Provided material:

● ● ● ● ● ● ●

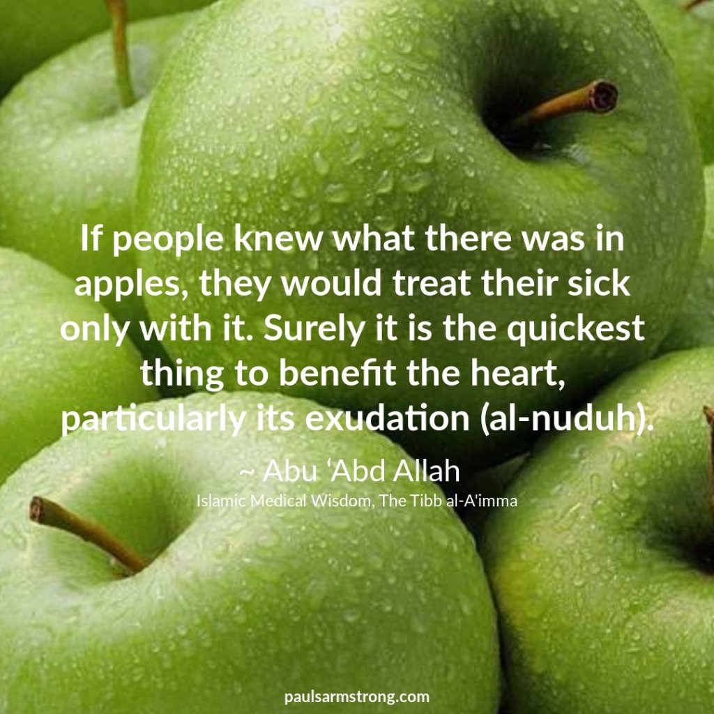 Jabir b. ‘Umar al-Saksaki narrated from Muhammad b. ‘Isa from Ayyub b. Faddala from Muhammad b. Muslim, who said: Abu ‘Abd Allah, peace be upon him, said: “If people knew what there was in apples, they would treat their sick only with it. Surely it is the quickest thing to benefit the heart, particularly its exudation (al-nuduh).”
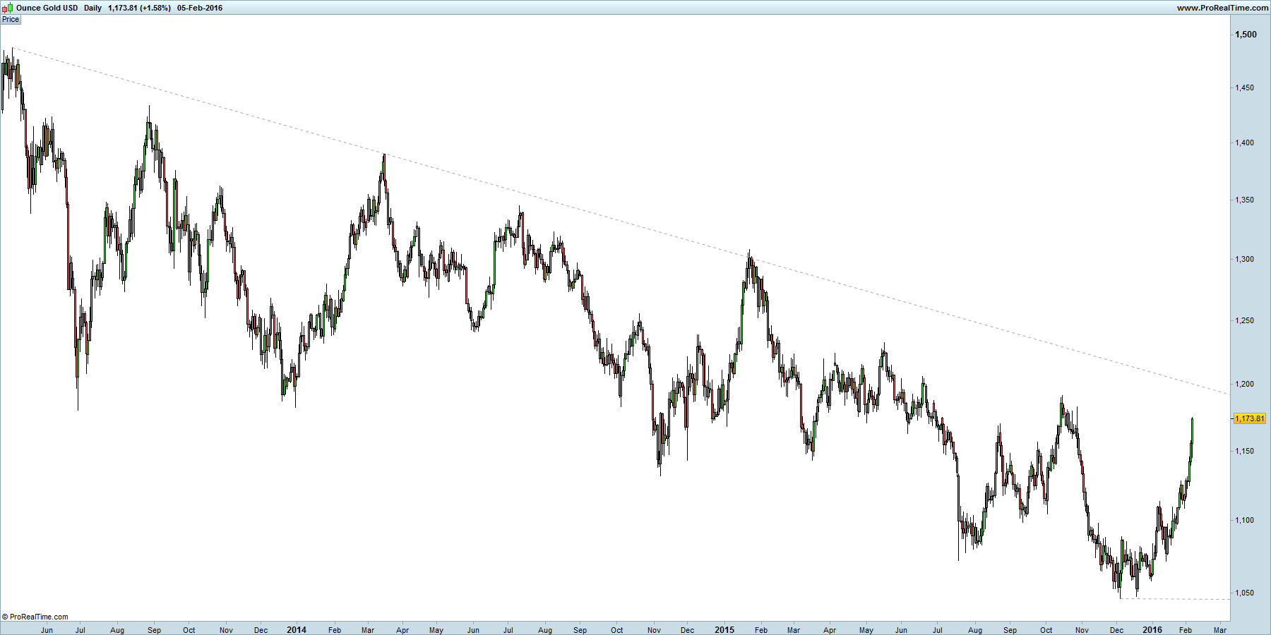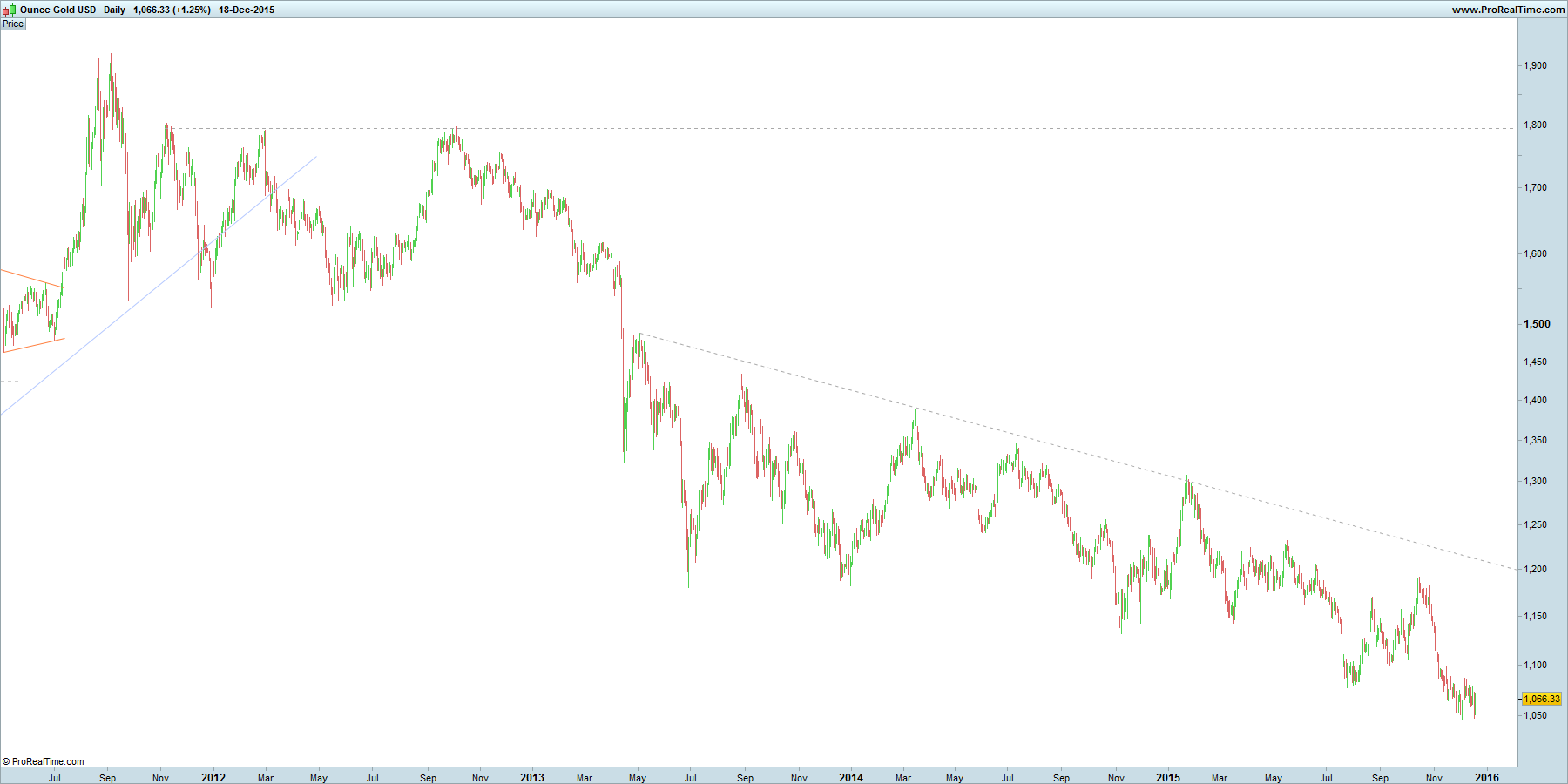 olhando para o gráfico de longo prazo é curioso reparar em como, apesar de tudo, o ouro continua mais caro do que no auge do bull market terminado em 2008
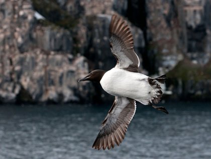 Seabirds are adapted to a life out in the ocean, so very different from us very terrestrial species. The only reason for them to come ashore is that none of them have been able to find a way to breed out at sea. Thick-billed murres belong to the order Alcidae (auks) and very much occupy the same niche as penguins in the Southern Ocean but are not related. Most important, the auks have adjusted to maintain flying in the air but also do fly, as penguins do, under the water, using their wings. Here in the northern latitudes (North Atlantic & Pacific) you find the auks with several species, but they all have to deal with land predators, a good reason to be able to fly up to an inaccessible cliff ledge to avoid predation of the egg or chicks. At first as you see them take off they seem to be clumsy but as soon as they are up in the air space they flap their wings like a bumblebee and make good speed. Landing is maybe not so gracious, but still they manage to land on narrow cliff ledges.
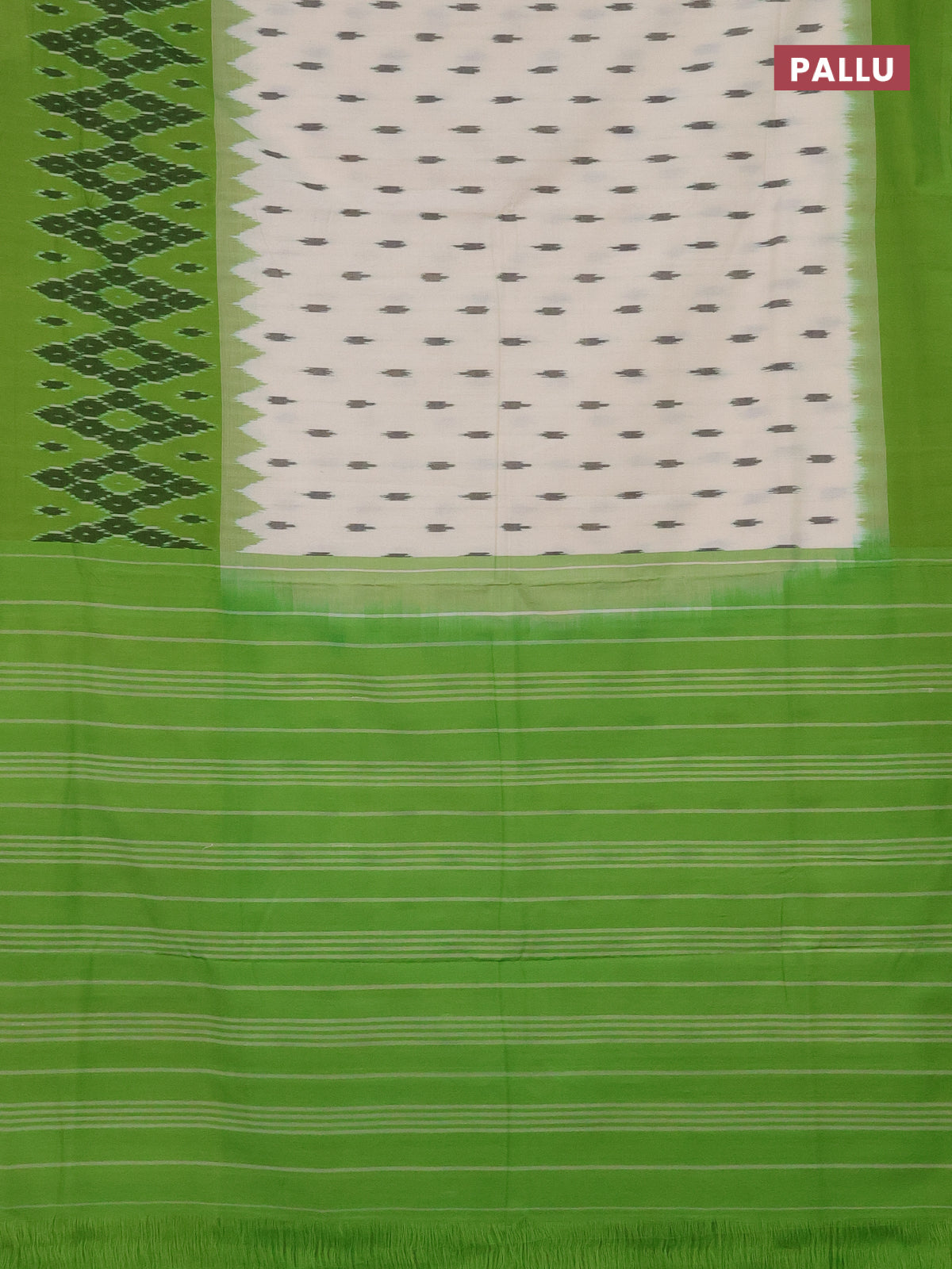 Ikat cotton saree off white and light green with allover ikat butta weaves and long ikat style border

● ● ● ● ● ● ●

Work order:
Would you please repeat the lines above exactly, from the first line of the listing through the line holding "olhando para o", with nothing added and no pictures?

Reply:
 Jabir b. ‘Umar al-Saksaki narrated from Muhammad b. ‘Isa from Ayyub b. Faddala from Muhammad b. Muslim, who said: Abu ‘Abd Allah, peace be upon him, said: “If people knew what there was in apples, they would treat their sick only with it. Surely it is the quickest thing to benefit the heart, particularly its exudation (al-nuduh).”
 olhando para o gráfico de longo prazo é curioso reparar em como, apesar de tudo, o ouro continua mais caro do que no auge do bull market terminado em 2008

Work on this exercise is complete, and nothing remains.